Top of Material to process
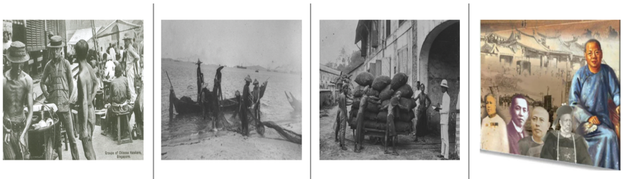
图 4：华人移民从事不同类型的工作，资料来源：新加坡国家图书馆“双城往事”展览 83

在 1848 年，移民者余有进 (Siah U. Chin) 在报告中提到，他在新加坡认识的同胞都在不同领域工作，有艰苦的体力劳动工作，如胡椒和甘比亚种植工人、渔民、泥瓦匠、船夫、铁匠；也有较为不费力的工作，如鞋匠、裁缝、杂货商、算命师和教师等。 81 到了 1879 年，英属海峡殖民地官员乔纳斯·丹尼尔·沃恩 (J.D. Vaughan) 在撰写他对海峡殖民地华人的调查时，他在文中披露华人从事的工作多达 105 个。其中包括人力车夫、小贩、渔民、船夫、收银员、医生和酒铺老板等，形成了多样化的社会阶层 (见图 4)。 82
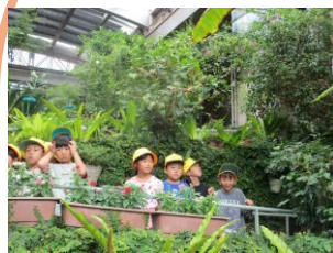
【校外学習 1年生】 ふれあい昆虫館・ 獅子ワールド
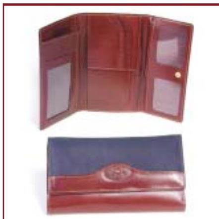
Art. 2083 Fichero de dama. Nobuk y cuero.
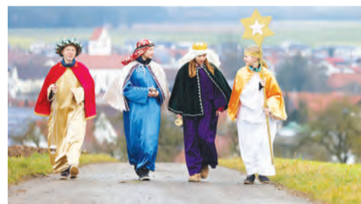
Die Sternsinger sind bald wieder unterwegs.
Bottom of Material to process
Exercise brief ▸ Reproduce nothing but the lines running from the line with "1年生】 ふれあい昆虫館・ 獅子ワールド" through the end of the records, keeping both end lines and dropping the pictures.

Result of the task ▸
【校外学習 1年生】 ふれあい昆虫館・ 獅子ワールド
Art. 2083 Fichero de dama. Nobuk y cuero.
Die Sternsinger sind bald wieder unterwegs.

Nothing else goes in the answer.